Top of Entries supplied

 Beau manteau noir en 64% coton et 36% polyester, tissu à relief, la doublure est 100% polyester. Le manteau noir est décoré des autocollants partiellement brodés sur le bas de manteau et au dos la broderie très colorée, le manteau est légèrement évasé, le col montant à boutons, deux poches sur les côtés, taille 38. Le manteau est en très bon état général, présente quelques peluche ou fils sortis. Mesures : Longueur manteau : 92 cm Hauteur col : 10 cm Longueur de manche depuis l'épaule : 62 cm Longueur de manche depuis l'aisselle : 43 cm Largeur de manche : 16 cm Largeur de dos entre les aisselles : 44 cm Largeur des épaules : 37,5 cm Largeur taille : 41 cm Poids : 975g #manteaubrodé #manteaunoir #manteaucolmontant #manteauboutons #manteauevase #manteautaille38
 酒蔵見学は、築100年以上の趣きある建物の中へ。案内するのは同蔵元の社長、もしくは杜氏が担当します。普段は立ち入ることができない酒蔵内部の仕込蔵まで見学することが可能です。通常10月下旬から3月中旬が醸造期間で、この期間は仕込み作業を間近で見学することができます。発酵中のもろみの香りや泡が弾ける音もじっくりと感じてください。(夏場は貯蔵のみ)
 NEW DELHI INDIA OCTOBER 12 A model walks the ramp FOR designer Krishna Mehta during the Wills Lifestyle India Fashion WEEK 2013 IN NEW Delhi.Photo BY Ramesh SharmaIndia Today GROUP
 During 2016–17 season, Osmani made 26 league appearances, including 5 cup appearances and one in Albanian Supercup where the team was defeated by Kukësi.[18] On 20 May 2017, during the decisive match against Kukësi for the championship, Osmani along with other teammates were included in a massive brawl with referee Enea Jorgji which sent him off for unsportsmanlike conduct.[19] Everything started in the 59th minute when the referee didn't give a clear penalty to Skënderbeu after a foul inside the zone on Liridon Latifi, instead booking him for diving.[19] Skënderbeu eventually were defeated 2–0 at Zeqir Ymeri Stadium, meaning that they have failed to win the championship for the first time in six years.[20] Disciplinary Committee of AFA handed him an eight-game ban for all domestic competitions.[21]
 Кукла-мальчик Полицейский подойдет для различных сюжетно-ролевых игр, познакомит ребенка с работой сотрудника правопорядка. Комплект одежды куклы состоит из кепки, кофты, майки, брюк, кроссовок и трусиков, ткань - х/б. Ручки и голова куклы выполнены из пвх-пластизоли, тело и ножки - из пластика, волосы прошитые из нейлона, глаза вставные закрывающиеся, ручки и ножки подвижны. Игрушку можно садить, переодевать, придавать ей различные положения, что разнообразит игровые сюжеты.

Bottom of Entries supplied
Top of Entries supplied

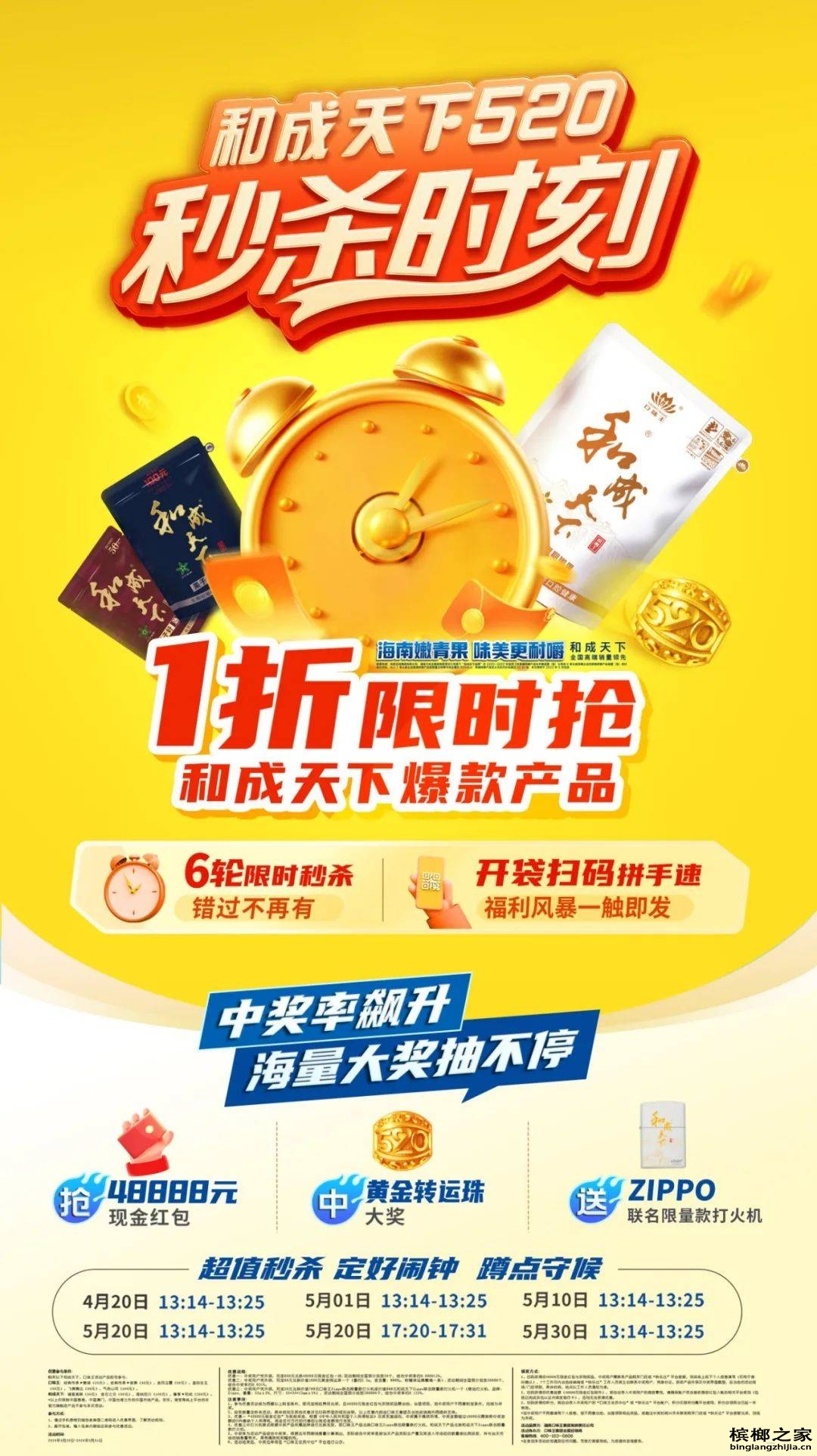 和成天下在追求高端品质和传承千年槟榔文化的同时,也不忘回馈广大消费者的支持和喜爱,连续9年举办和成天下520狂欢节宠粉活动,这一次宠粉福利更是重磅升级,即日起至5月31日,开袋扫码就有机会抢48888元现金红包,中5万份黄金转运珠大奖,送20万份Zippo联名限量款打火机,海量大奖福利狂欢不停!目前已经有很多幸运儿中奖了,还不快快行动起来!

Bottom of Entries supplied

What is required
Among the lines above, find the one with "Beau manteau noir" and the one with "NEW DELHI INDIA". Quote both and everything between them, exactly.

Response to the exercise
 Beau manteau noir en 64% coton et 36% polyester, tissu à relief, la doublure est 100% polyester. Le manteau noir est décoré des autocollants partiellement brodés sur le bas de manteau et au dos la broderie très colorée, le manteau est légèrement évasé, le col montant à boutons, deux poches sur les côtés, taille 38. Le manteau est en très bon état général, présente quelques peluche ou fils sortis. Mesures : Longueur manteau : 92 cm Hauteur col : 10 cm Longueur de manche depuis l'épaule : 62 cm Longueur de manche depuis l'aisselle : 43 cm Largeur de manche : 16 cm Largeur de dos entre les aisselles : 44 cm Largeur des épaules : 37,5 cm Largeur taille : 41 cm Poids : 975g #manteaubrodé #manteaunoir #manteaucolmontant #manteauboutons #manteauevase #manteautaille38
 酒蔵見学は、築100年以上の趣きある建物の中へ。案内するのは同蔵元の社長、もしくは杜氏が担当します。普段は立ち入ることができない酒蔵内部の仕込蔵まで見学することが可能です。通常10月下旬から3月中旬が醸造期間で、この期間は仕込み作業を間近で見学することができます。発酵中のもろみの香りや泡が弾ける音もじっくりと感じてください。(夏場は貯蔵のみ)
 NEW DELHI INDIA OCTOBER 12 A model walks the ramp FOR designer Krishna Mehta during the Wills Lifestyle India Fashion WEEK 2013 IN NEW Delhi.Photo BY Ramesh SharmaIndia Today GROUP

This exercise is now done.